In April 1976, Alam succeeded in designing a gas centrifuge and succeeded in rotating the first centrifuge to 30,000 rpm by perfectly balancing and rotating around fixed axis of the centrifuge— Alam and his team was immediately dispatched at the Khan Research Laboratories under Abdul Qadeer Khan. At KRL, Alam and Shah worked on solving differential equation problems relating the gas centrifuges, and designed a first generation of centrifuges, known as P1, that succeeded in separating the U^{234}, U^{235}, and U^{238} isotopes from raw natural uranium under supervision of Shah, Alam, and Qadeer Khan. Commenting on the success, Alam famously quoted: "Boys, we have achieved enrichment in Pakistan." Following this success, Alam and other colleagues signed and quickly published a paper on the differential methods of the centrifuges in 1978–79.

Alam remained associated with the centrifuge program and was its design director until 1981 when he developed intellectual differences with Abdul Qadeer Khan in 1981. He was confided by Abdul Qadeer Khan about selling the centrifuge technology to unknown Arab country, which he vehemently opposed the idea on the ground that India (a competitor in that field) might be benefited from that technology. After this incident, Alam was transferred to PAEC where he remained associated with the electromagnetic separation program under Dr. Shaukat Hameed Khan, and decided to work on the partial differential equations.

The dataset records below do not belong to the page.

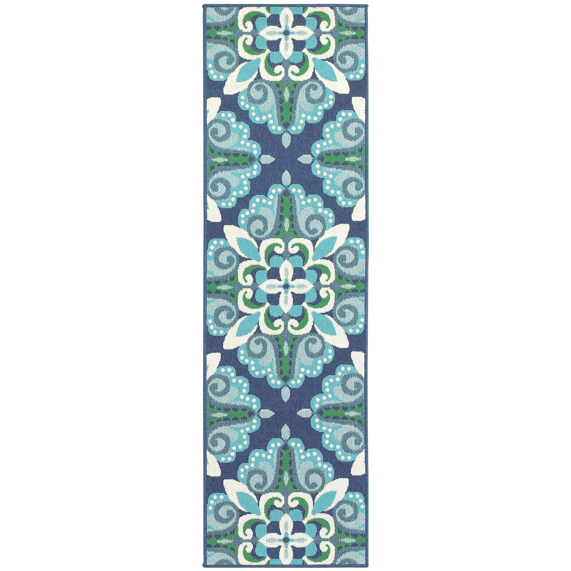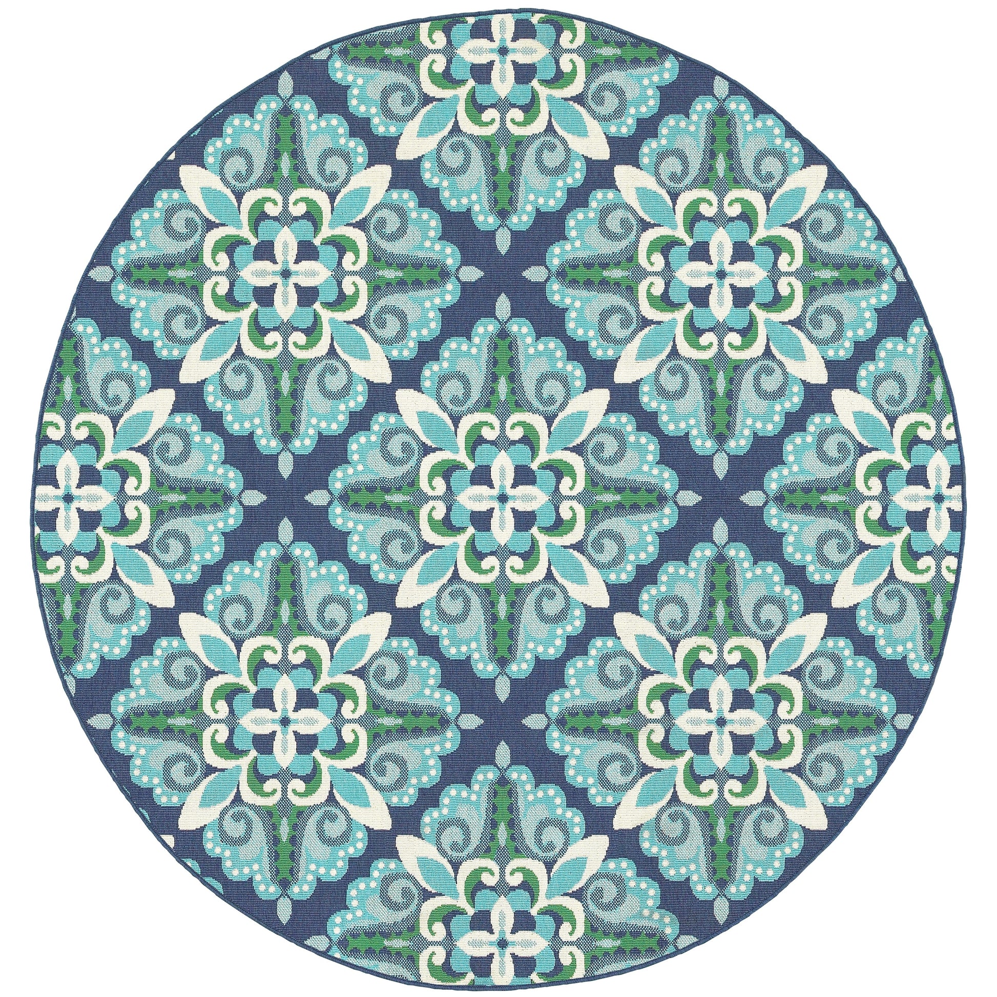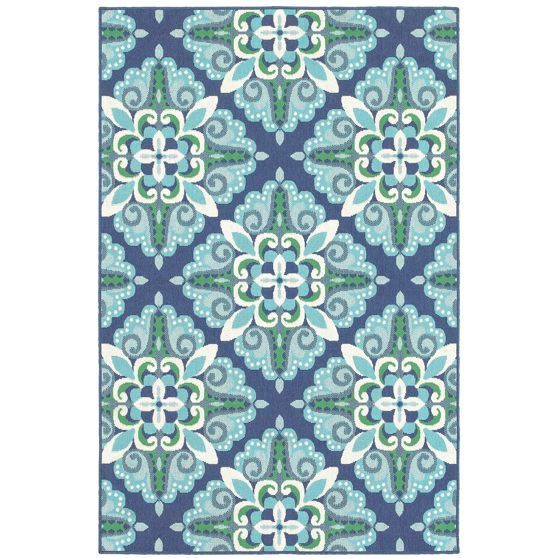 Add a pop of color to your outdoor space with the Martinque Medallion indoor-outdoor area rug. This Moroccan-inspired rug features a vibrant blue and green medallion pattern that is perfect for creating a contemporary aesthetic. Power-loomed from 100% polypropylene, this rug is weather-resistant, stain-resistant, and fade-resistant, ensuring easy maintenance and long-lasting durability. With a low loop pile height of 0.15 inches, this rug is ideal for high traffic areas and easy to clean. Choose from a variety of sizes to perfectly suit your porch or patio.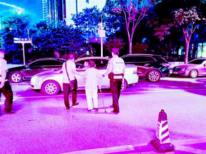 8日晚8時許,中央商務(wù)區(qū)警務(wù)站民警周銳、輔警張萬利巡邏至云杉路一拐彎處時,發(fā)現(xiàn)一位老婆婆坐在路邊地上,雙手握著拐杖,滿臉焦慮。婆婆旁邊,還放著一碗沒有吃完的熱干面。周銳上前詢問,老人卻語無倫次,連自己的姓名、家庭住址都說不清楚。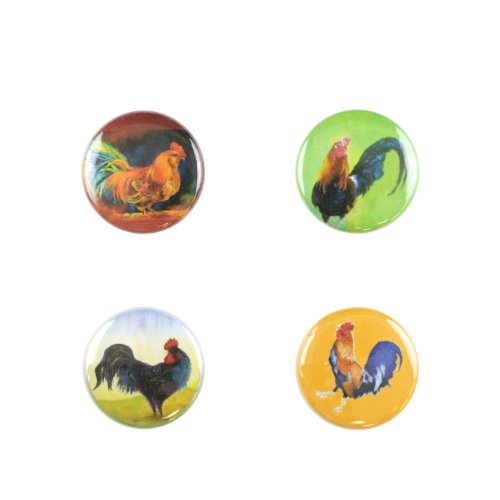 -. Feature : Set of 4-rooster themed magnetic wine and drink charms; a unique way to "mark your drink"; works with any glass / Features extra strong coated rare earth magnet, tin plated steel, recycled paper, mylar coating; packaging can be used for charm storage / Magnets are safe, won't come apart unless the outside charm is removed; won't affect the taste of the beverage / To use: drop magnet in glass, hold charm to outside of glass or base until two magnets attract, slide to desired position, pour beverage / Wipe clean with damp cloth; do not soak in water; made and assembled in USA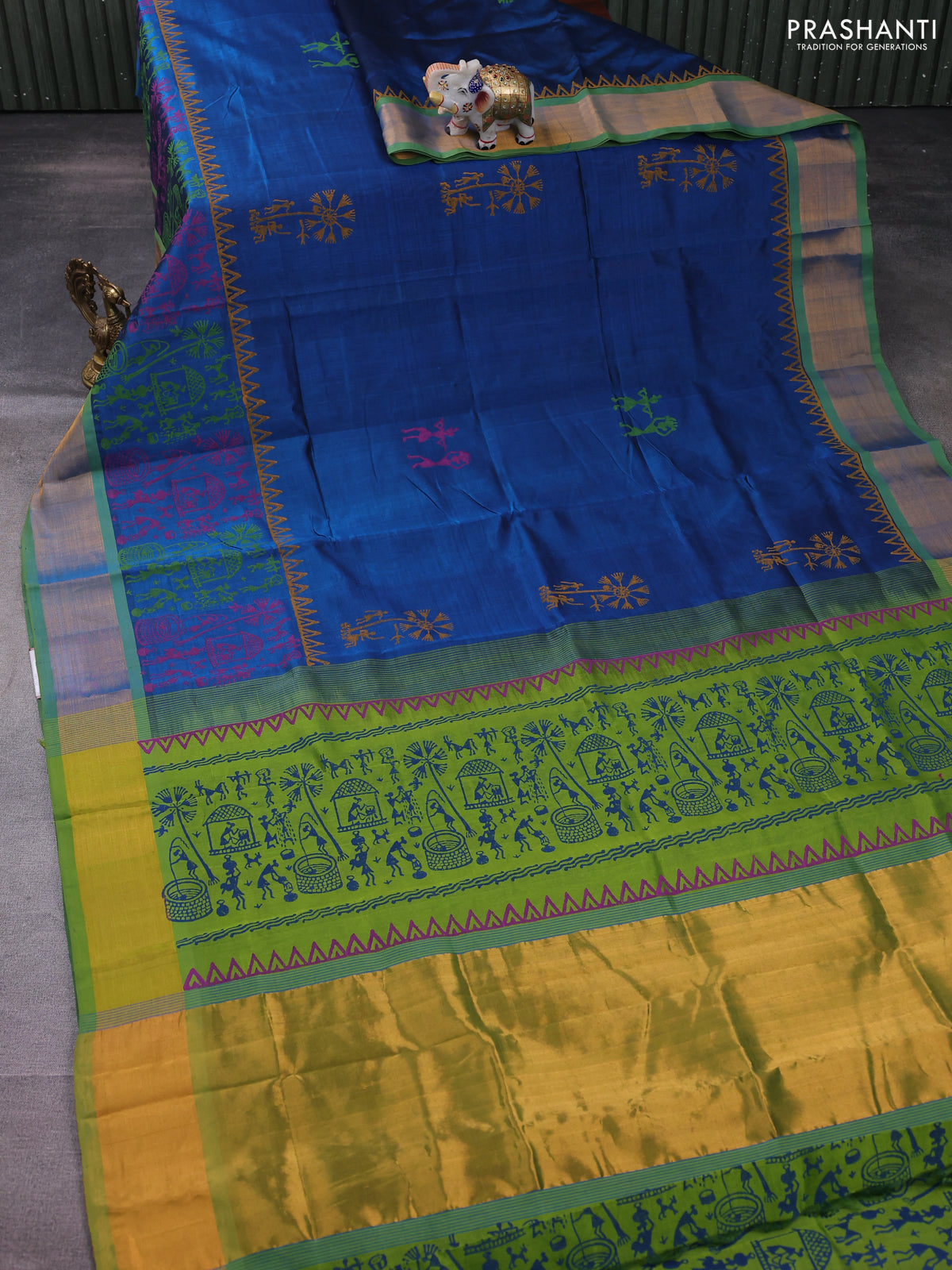 Silk cotton block printed saree peacock blue and light green with allover prints and zari woven border
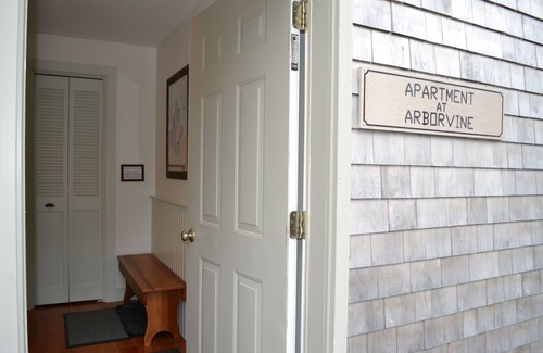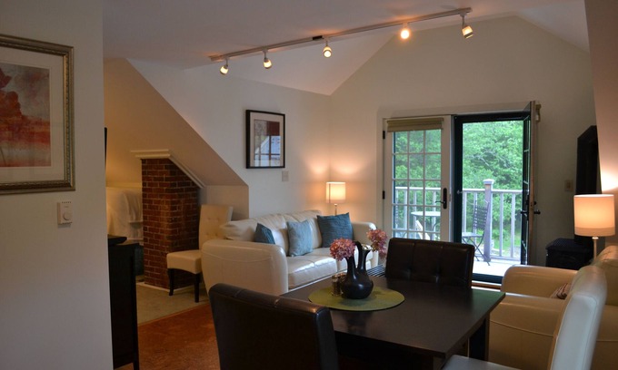 Newly remodeled, second floor, one bedroom apartment located in the heart of historic Blue Hill and Downeast Maine. This gorgeous apartment sleeps 2, has a gas fireplace,new bamboo, cork, tile, and carpeted floors, free wireless Internet and flat screen HD cable TV and a private balcony overlooking the back gardens, grapevines, and forest. Enjoy looking at the stars or waking with the sun on your Queen size bed under the sky light. You are just a short walk from beautiful Blue Hill Village, with its many shops, restaurants, galleries, beaches, town park, and hiking trails. Blue Hill is centrally located between Acadia National Park/ Bar Harbor, Stonington/Deer Isle, Ellsworth and Bangor. Enjoy cooking in your fully equipped gourmet’s kitchen or join us at one of our 2 on site restaurants: The Arborvine, with award winning fine dining; or DeepWater Brew Pub, a casual brew pub serving our very own Micro-brewed Beer and freshly made pub fare with indoor & outdoor seating.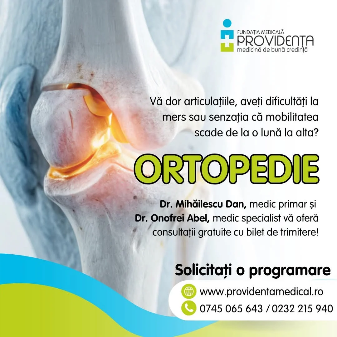 🦵👉 𝐀𝐟𝐞𝐜𝐭𝐢𝐮𝐧𝐢𝐥𝐞 𝐨𝐫𝐭𝐨𝐩𝐞𝐝𝐢𝐜𝐞 pot apărea treptat, dar tratate la timp, pot fi gestionate eficient. Echipa noastră formată din 👨‍⚕️ 𝐃𝐫. 𝐌𝐢𝐡𝐚𝐢𝐥𝐞𝐬𝐜𝐮 𝐃𝐚𝐧, medic primar și 👨‍⚕️ 𝐃𝐫. 𝐎𝐧𝐨𝐟𝐫𝐞𝐢 𝐀𝐛𝐞𝐥, medic specialist. oferă consultații gratuite în baza biletului de trimitere, pentru diagnosticarea durerilor articulare, a inflamațiilor și a problemelor de coloană.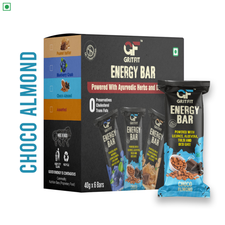 Introducing our GritFit Energy Bar in the delectable Choco Almond variant – a burst of pure, natural energy in every mouthwatering bite! Experience the invigorating combination of Choco Almond with our meticulously crafted energy bar that not only nourishes your body but also delights your taste buds. Made with a thoughtful blend of ingredients including Jumbo Oats, Instant Oats, Oats Flour, Honey, Desi Ghee, Wheat Flakes, Rice Crispies, Almonds, Dark Chocolate Compound, Peanut Butter, Pearl Millet, Date Paste, Soy Protein Isolate, Green Pumpkin Seeds, Liquid Glucose, Brown Rice Syrup, Vegetable Glycerine, Ashwagandha, Amla, Ginger, Soy Lecithin, and Rosemary for freshness. This energy-packed bar is a perfect balance of nutrition and flavor to fuel your active lifestyle.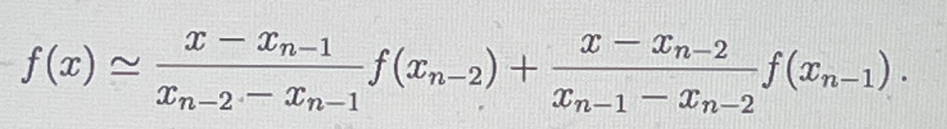 f(x) for Secant method formula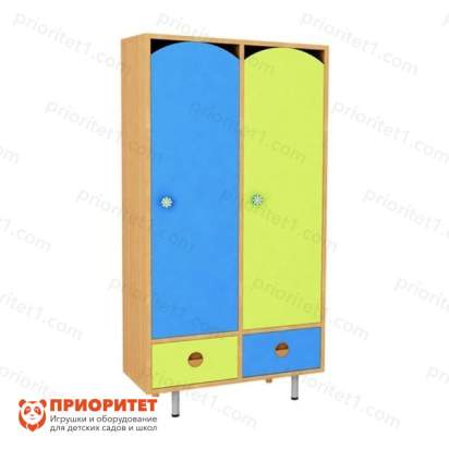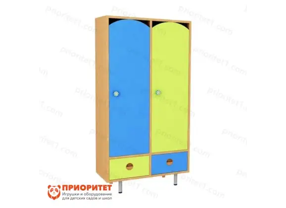 Шкаф окрашен в безопасные, насыщенные цвета. Он стоит благодаря тонким, но прочным ножкам. Конструкция шкафа разработана и собрана таким образом, чтобы он не мог под тяжестью веса одежды перевернуться или упасть вперёд. Это помогает избежать многих травм и несчастных случаев. Дверцы шкафа окрашены в разные цвета для того, чтобы дети могли запоминать их и пользоваться всё время. У шкафа есть дверцы и выдвижные ящики, в них можно хранить все вещи, которыми ребёнок пользуется в детском саду.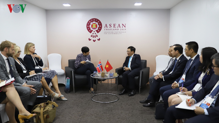 ส่วนในการพบปะกับรัฐมนตรีต่างประเทศนอร์เวย์ ทั้งสองฝ่ายได้เห็นพ้องผลักดันการเจรจาข้อตกลงการค้าเสรีระหว่างเวียดนามกับกลุ่มการค้าเสรียุโรปหรืออีเอฟทีเอ โดยรัฐมนตรีต่างประเทศนอร์เวย์ได้ยืนยันว่า เวียดนามคือตลาดและหุ้นส่วนสำคัญของนอร์เวย์ สถานประกอบการนอร์เวย์มีความประสงค์ขยายการลงทุนและประกอบธุรกิจในเวียดนาม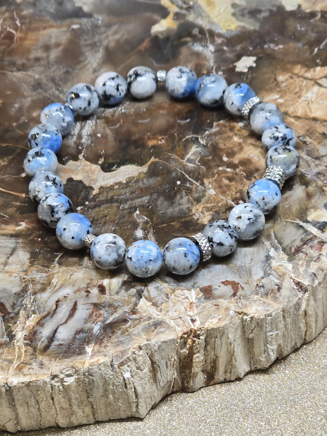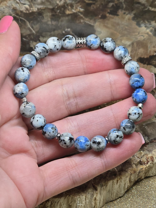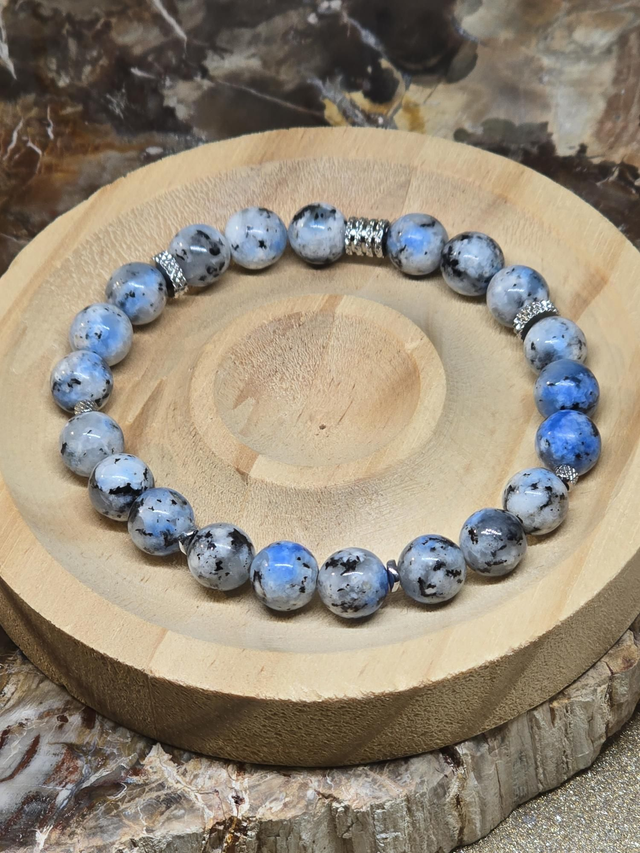 Bracelet fait main sur fil élastique solide composé de Jaspe K2 en 0,8 cm ainsi que de perles en acier inoxydable.

Alam went to join the Quaid-i-Azam University and briefly taught courses on calculus, and published a computer model on HIV rate of infection along with American scientists. At the Department of Mathematics, Alam pioneered a paper in Gamma-ray bursts using mathematical descriptions to analyse the energy released by the gamma rays. Alam died on 5 December 2000 in his residence in Islamabad.

==Books==
- Qadir, Asghar (2007). "Mathematical physics Proceedings of the 12th Regional Conference"

- Qasmi, Ghulam Dastigar Alam (1996). "Calculus: An Approach to Engineering Mathematics"

==Science articles==
- Fission fragment mass distributions and kinetic energies for spontaneous fission isomers, by R.L. Ferguson, F. Plasil, G.D. Alam†, H.W. Schmitt.
- Gamma Ray Transitions in the de-excitation Californium-253 spontenous fission pragments, by G.D. Alam, Department of Mathematics.